How to Paint Brown Paneling White

Home-renovation projects do not have to break the bank when you use paint in creative manners. If you’re looking at outdated wood paneling leftover from the 1970s, you do not have to split it off the walls and begin from scratch. An inexpensive coat of paint is often all you will need to bring your decor into the 21st century. Whether you’re handling hardwood veneer at a ranch home or knotty pine at a cabin, think about painting before undertaking a full-fledged wall renovation.

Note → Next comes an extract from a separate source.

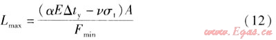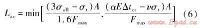在該區(qū)域內(nèi),管道循環(huán)溫差高于最大允許循環(huán)溫差,因此不允許管道進(jìn)入錨固狀態(tài),且在計(jì)算安裝長度時(shí),需考慮彈性狀態(tài)和局部穩(wěn)定的需要,得到管道的最大允許安裝長度,見式(6)。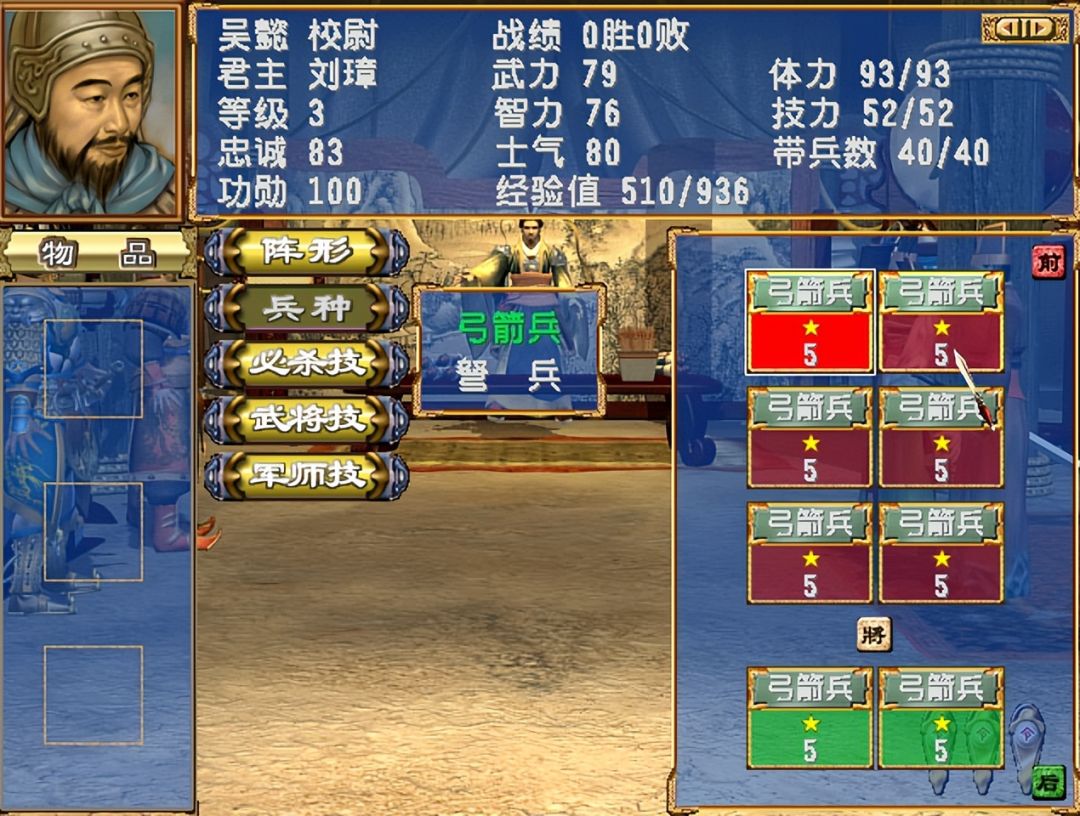 吴兰之所以能入我的法眼,最核心的因素是他能快速解锁八面火。放眼刘璋麾下的其他角色,吴兰是唯一能立马点亮八面火的人,加上他78点的武力值和朴刀兵阵容,完全可以当作特种部队那样以小博大,或者凭一己之力数倍全歼对方的弓兵和弩兵方阵。总而言之,刘璋麾下并不缺少人才,只是因为当年我们玩《三国群英传3》的时候,把过多的注意力投射到了御三家的身上,从而遗憾的忽略掉了。

Wash the walls with a damp sponge and family detergent cleaner, such as dish-washing liquid. Wring out the sponge well; clean the walls, and rub them down with plain water. Allow them to dry fully.

Prepare your work area by laying drop cloths on the floor and taping the edges of baseboards, molding and the ceiling.

Paint the walls using water-based latex primer, which prepares slick surfaces so paint will adhere. Apply one or two coats — one coat is often enough, but in case you can still see brown beneath the surface, apply another coat.

Allow the primer to dry completely between coats. If you can, allow it to dry overnight before painting.

Paint the seams of the paneling using latex paint, using a thin paintbrush. You might want to apply two coats to fully fill in the irregular surface. It is not necessary to permit the seams to dry before painting the remainder of the wall.

Pour paint into a flat pan and then use a roller to apply it into the flat surface of the paneling. Allow the first coat to dry before applying another coat.